Lloyd, who in April became just the third player in history to reach 300 senior caps, created her team’s third goal with a 63rd-minute header that Kiwi defender Abby Erceg accidentally headed into her own net.
After New Zealand midfielder Betsy Hassett put her team on the scoreboard in the 72nd minute with a close-range strike, American substitute Christian Press put the game away with 10 minutes left when she deftly controlled Julie Ertz’s cross and ended with a clean finish to get past Leat.
Alex Morgan made it 5-1 just minutes later off Christen Press’ assist, while another Press cross resulted in an own goal to end the game.
“For the first 30 minutes of the second half I thought we played exceptionally well, our discipline was good, we got ourselves back in the game at 3-1 and in the last 10 minutes we kind of lost our way a little bit,” New Zealand head coach Tom Sermanni said. “The scoreline is probably not a fair reflection of the game.

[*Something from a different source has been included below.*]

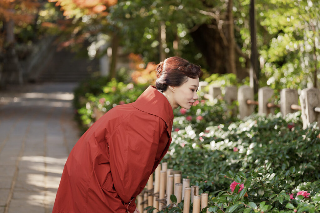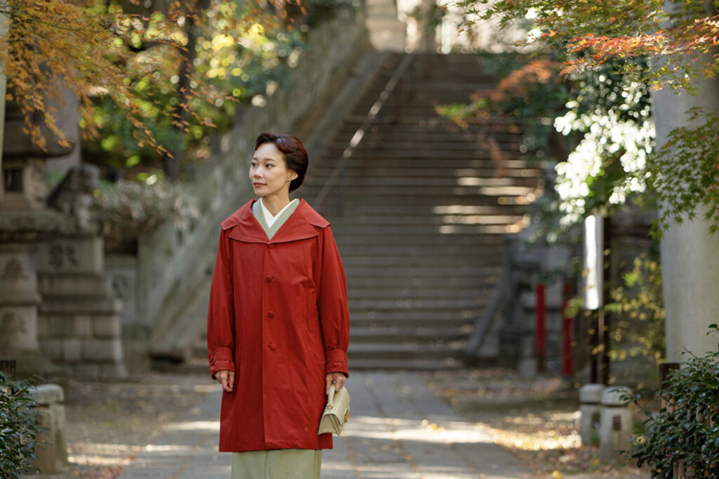 静謐な空間に鮮やかに映えるバーガンディカラーのコートは、自身がデザインに携わった「KOTOWA」の新作[mulci coat]

“It’s disappointing, but from an effort perspective, I can’t fault the players. They gave blood, sweat and tears out on the field against a quality team.”
In earlier Group G action, Sweden took a dominant step toward the quarterfinals with a 4-2 win over Australia. The back-and-forth encounter was at one point knotted up at 2-2, but forward Fridolina Rolfo’s second goal of the evening as well as a late header by substitute striker Stina Blackstenius were enough to overcome a pair of goals by Matildas captain Sam Kerr.
In their group finales on Tuesday, the United States and Australia will meet at Kashima Stadium, while New Zealand and Sweden will face off at Miyagi Stadium.